▼▼▼

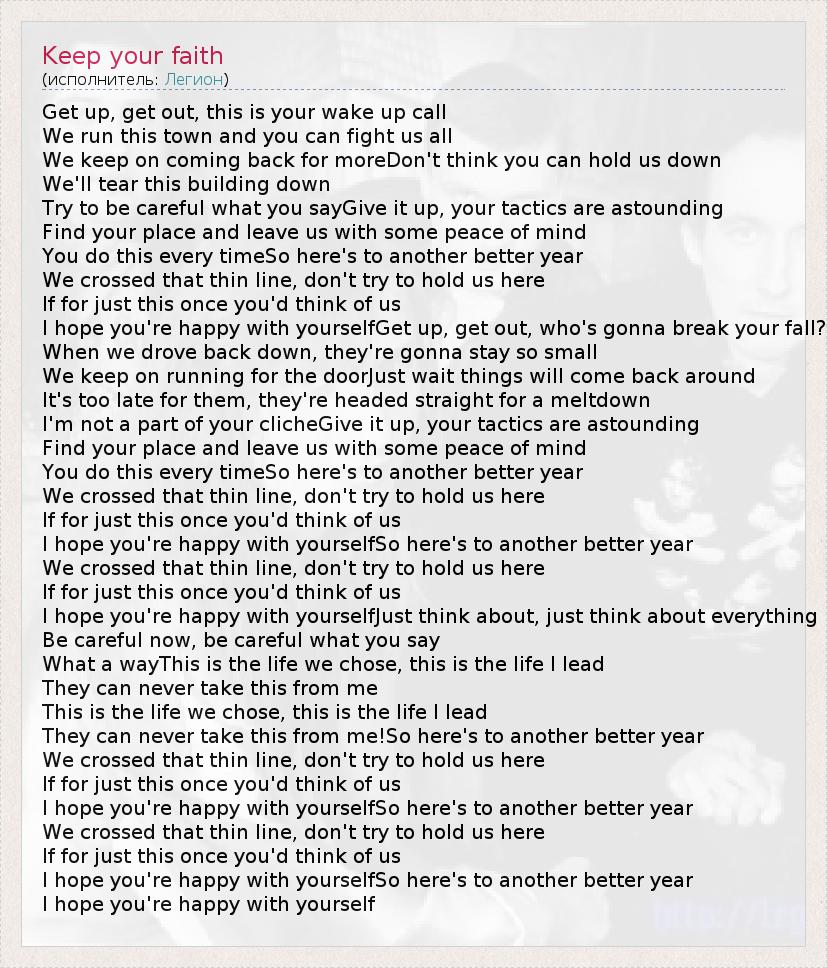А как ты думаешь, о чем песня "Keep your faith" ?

▲▲▲
▼▼▼

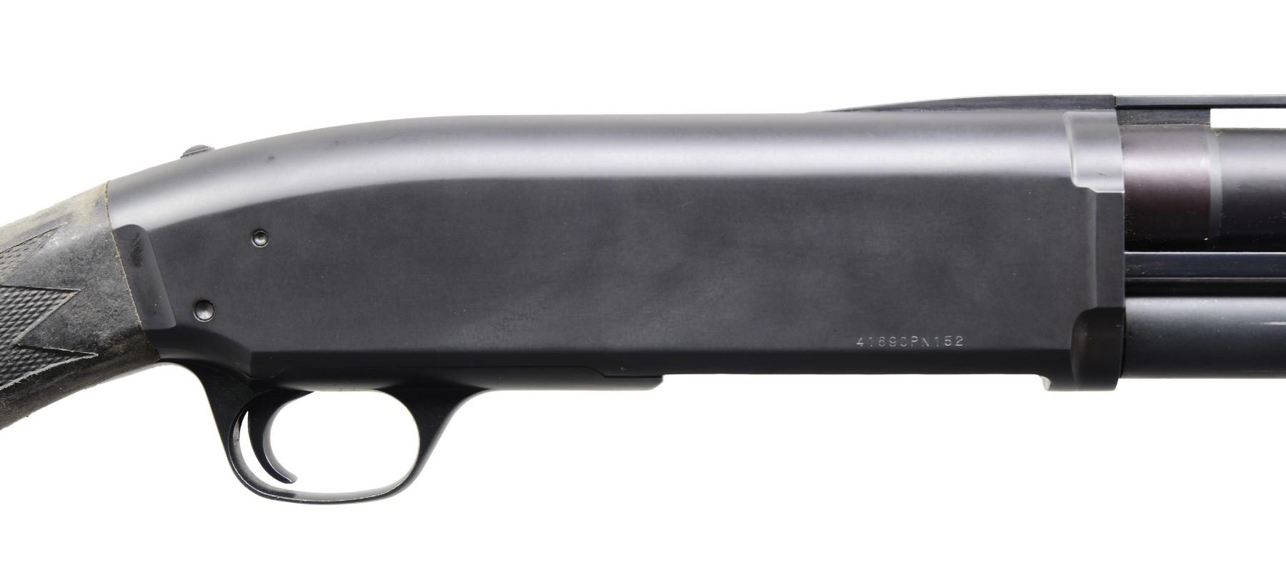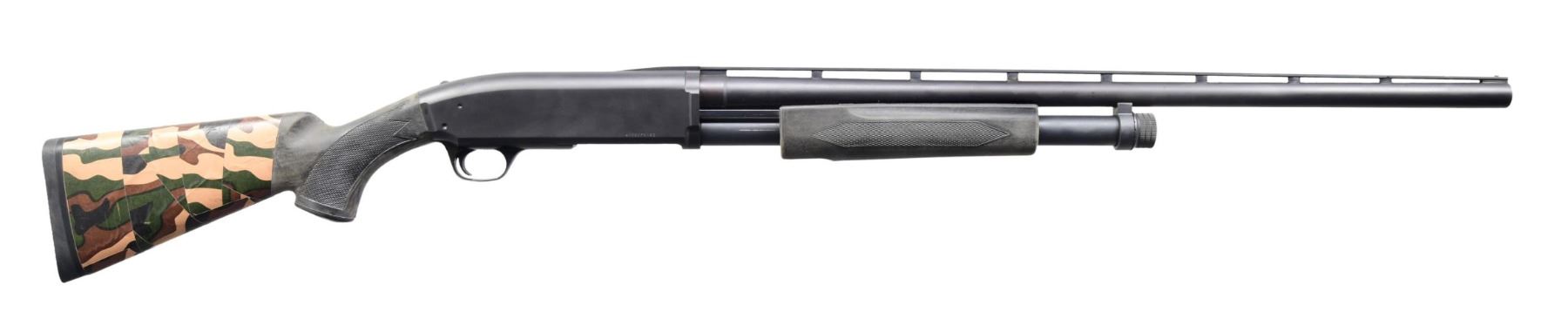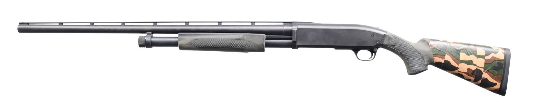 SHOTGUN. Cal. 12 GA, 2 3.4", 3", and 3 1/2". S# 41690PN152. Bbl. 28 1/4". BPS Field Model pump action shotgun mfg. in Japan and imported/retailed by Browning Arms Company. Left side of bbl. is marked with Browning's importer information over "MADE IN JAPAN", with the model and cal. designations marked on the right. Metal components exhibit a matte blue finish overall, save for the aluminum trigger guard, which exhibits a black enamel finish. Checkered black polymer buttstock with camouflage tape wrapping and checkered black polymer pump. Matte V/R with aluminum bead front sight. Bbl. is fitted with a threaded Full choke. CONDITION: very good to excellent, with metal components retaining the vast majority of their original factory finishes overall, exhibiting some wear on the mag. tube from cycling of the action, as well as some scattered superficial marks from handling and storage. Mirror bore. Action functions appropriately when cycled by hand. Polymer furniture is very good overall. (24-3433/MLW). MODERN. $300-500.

▲▲▲
▼▼▼

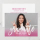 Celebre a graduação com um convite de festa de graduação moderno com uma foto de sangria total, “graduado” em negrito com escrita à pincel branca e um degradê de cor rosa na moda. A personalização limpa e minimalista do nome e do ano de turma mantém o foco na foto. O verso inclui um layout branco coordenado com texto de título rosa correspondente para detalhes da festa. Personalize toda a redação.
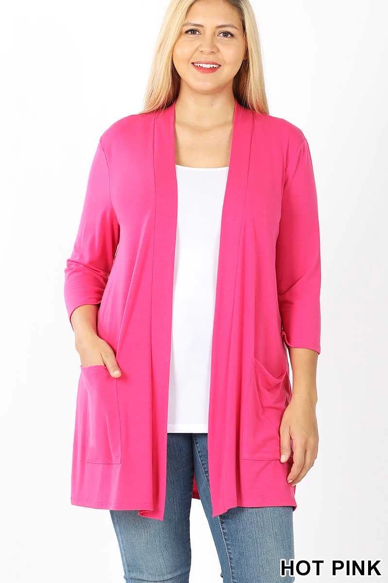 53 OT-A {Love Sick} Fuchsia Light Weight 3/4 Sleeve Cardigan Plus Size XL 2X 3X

▲▲▲

Task to complete >>
What you write out is the stretch of entries from the line containing "Celebre a graduação" to the line containing "Size XL 2X 3X", word for word, with both end lines and no pictures.

Response below >>
 Celebre a graduação com um convite de festa de graduação moderno com uma foto de sangria total, “graduado” em negrito com escrita à pincel branca e um degradê de cor rosa na moda. A personalização limpa e minimalista do nome e do ano de turma mantém o foco na foto. O verso inclui um layout branco coordenado com texto de título rosa correspondente para detalhes da festa. Personalize toda a redação.
 53 OT-A {Love Sick} Fuchsia Light Weight 3/4 Sleeve Cardigan Plus Size XL 2X 3X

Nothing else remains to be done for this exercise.